On another note, I once sent a really short vignette to New Yorker just to see if I had formatted the submission correctly; three months later they sent me a nice, formally worded piss-off letter, which I paraded around like a freshly crapped golden egg: "It's not just ANY rejection letter," I'd boast, "It's a fucking NEW YORKER rejection letter! Hell yeah!"

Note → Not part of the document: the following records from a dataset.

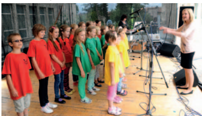
Sobotní odpoledne patřilo souborům mateřských a základních škol, úspěch měl Dětský pěvecký sbor Motýlek z holické ZŠ Komenského.
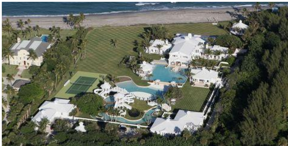
Figura 3. ( https://www.townandcountrymag.com/leisure/real-estate/g9573388/celine-dion-house/ data: 30.08.2019)
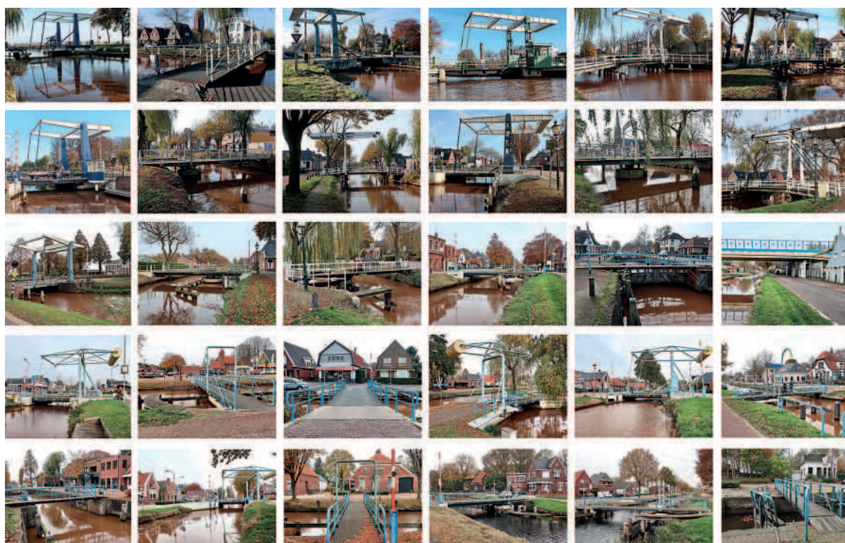
De bruggen van Pekela.
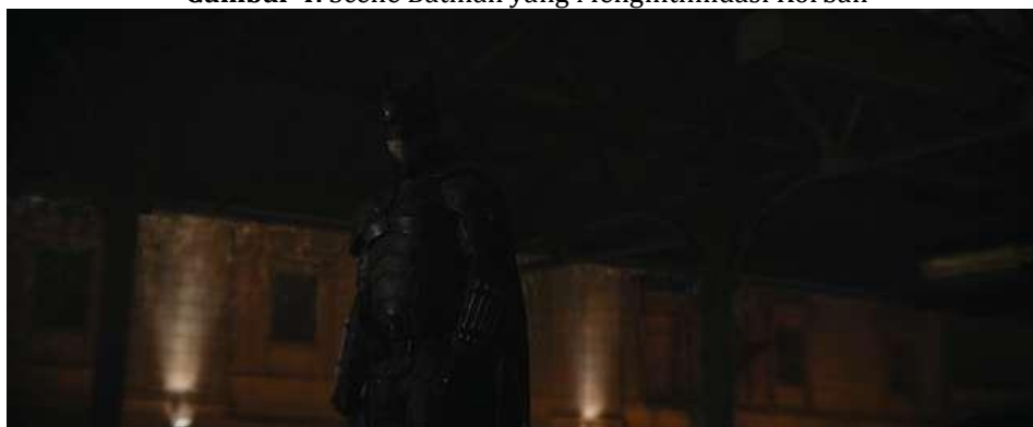
Gambar 4. Scene Batman yang Mengintimidasi Korban
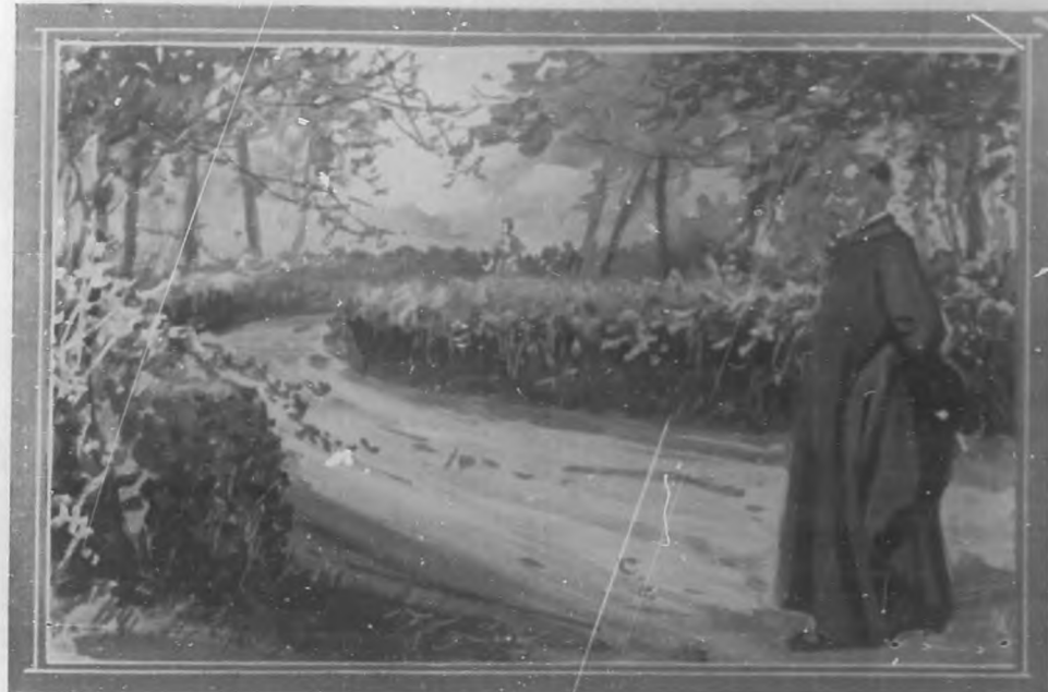
Quando el cura párroco de Miraflores reconoció, a lo lejos, a la persona que avanzaba por la alameda en dirección contraria a la que él seguía, de manera que habrían de cruzarse, forzosamente, dentro de algunos instantes, se quedó inmóvil, mitad sorprendido, mitad sobrecogido, y...

—Con mucho gusto, señor cura. Y si le parece usted, le cantaré en voz baja mi plegaria favorita, el Ave María de Gounod.
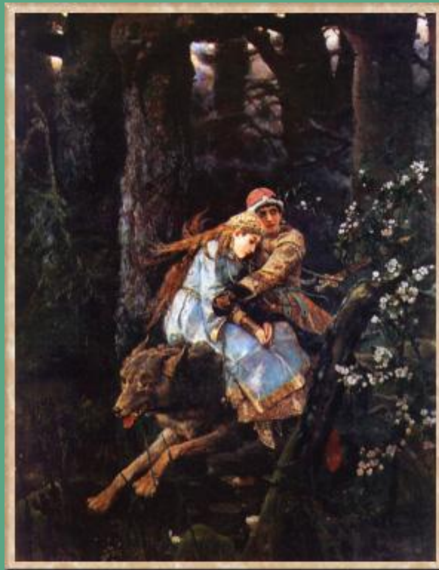
«Иван-царевич на Сером Волке».1889
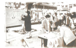
「非典型肺炎SARS」肆虐期間，與不同教會舉辦「關懷前線醫護人員福音行動」，呼籲市民發善心意哈、派發福音抗災單張等。(4-5/03)
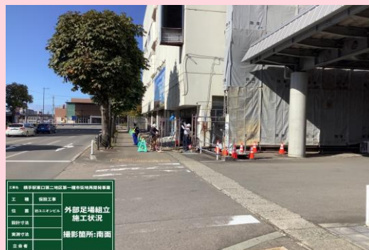
旧ユニオンビル 南面外部足場組立
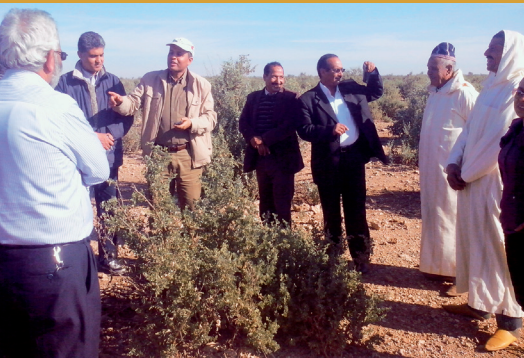
Voyage d'étude - Maroc

I haven't submitted anything since. I've written small pieces of which I'm proud, but nothing of good length that pleases the standards I've set for myself. I'm working on some such pieces now, but they've drained me rather profusely of sweat and blood, and are not up to publishing snuff quite yet. I hope for them to be soon.


----------



## Caragula

@Reject - that'll be the Conville and Walsh rejection letter then


----------



## dale

i can't tell if this is a form rejection or not. kind of cool if it's not, because it is a decent pro-pay pub. but i still don't
see how i'm supposed to take a rejection as "not a rejection". ha ha



> Dear Dale,
> 
> Thank you for sending us "Heaven on Earth." We appreciate the chance to read it. Unfortunately, the piece is not for us. We sincerely wish you the best in finding a home for your work. Please do not look at this as a "rejection." I honestly wish I had more room and resources to publish more writing. I truly hope you submit to XXXXXX Quarterly again.
> 
> Thanks again. Best of luck with this.
> Sincerely,
> 
> xxx xxxxx
> XXXXX XXXXXXXXXX LLC


----------



## Plasticweld

dale said:


> i can't tell if this is a form rejection or not. kind of cool if it's not, because it is a decent pro-pay pub. but i still don't
> see how i'm supposed to take a rejection as "not a rejection". ha ha




Not a rejection, poor Dale goes home alone.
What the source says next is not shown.